🤖 AI Summary
This work addresses the challenge of inverse lithography technology (ILT), where highly non-convex optimization often leads to suboptimal local minima that conventional and existing generative methods struggle to overcome. To this end, we propose the first application of generative reinforcement learning to ILT, introducing a fine-tuning mechanism based on Group Relative Policy Optimization (GRPO) and a multi-candidate sampling-and-screening pipeline. Specifically, a WGAN-based generator is first pre-trained to learn the mapping from target patterns to mask distributions, then fine-tuned using a combination of reconstruction loss and fast batch-wise ILT optimization. The proposed approach effectively mitigates non-convexity issues, achieving significant reductions in edge placement error (EPE) violations under 3nm tolerance on LithoBench while doubling throughput. On the ICCAD13 benchmark, it demonstrates over 20% EPE improvement and a 3× speedup, outperforming both traditional solvers and purely generative methods.
📝 Abstract
Inverse lithography (ILT) is critical for modern semiconductor manufacturing but suffers from highly non-convex objectives that often trap optimization in poor local minima.
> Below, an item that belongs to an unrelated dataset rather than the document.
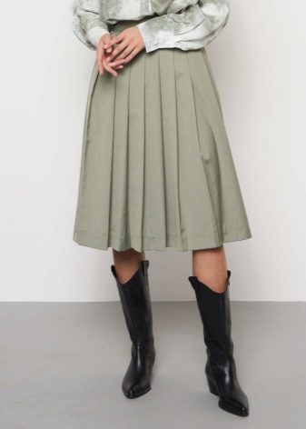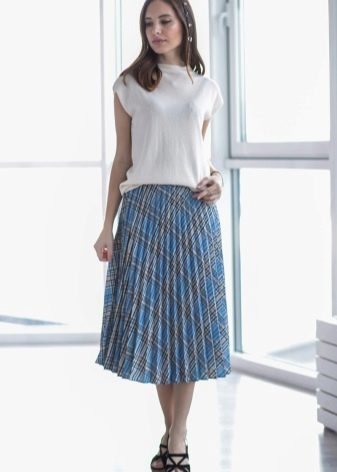 4. Billige nederdele bred plisseret ser dyrere ud end dyre, men med lavt.Jo bredere krølle, jo dyrere er den visuelle effekt. Besparelser er tydelige - et nederdel med brede plov kan endda købes til 900 rubler, mens mærket modeller undertiden når 25 tusind. Bær en nederdel med høje hæle.

Generative AI has been explored to warm-start ILT, yet most approaches train deterministic image-to-image translators to mimic sub-optimal datasets, providing limited guidance for escaping non-convex traps during refinement. We reformulate mask synthesis as conditional sampling: a generator learns a distribution over masks conditioned on the design and proposes multiple candidates. The generator is first pretrained with WGAN plus a reconstruction loss, then fine-tuned using Group Relative Policy Optimization (GRPO) with an ILT-guided imitation loss. At inference, we sample a small batch of masks, run fast batched ILT refinement, evaluate lithography metrics (e.g., EPE, process window), and select the best candidate. On \texttt{LithoBench} dataset, the proposed hybrid framework reduces EPE violations under a 3\,nm tolerance and roughly doubles throughput versus a strong numerical ILT baseline, while improving final mask quality. We also present over 20\% EPE improvement on \texttt{ICCAD13} contest cases with 3$\times$ speedup over the SOTA numerical ILT solver. By learning to propose ILT-friendly initializations, our approach mitigates non-convexity and advances beyond what traditional solvers or GenAI can achieve.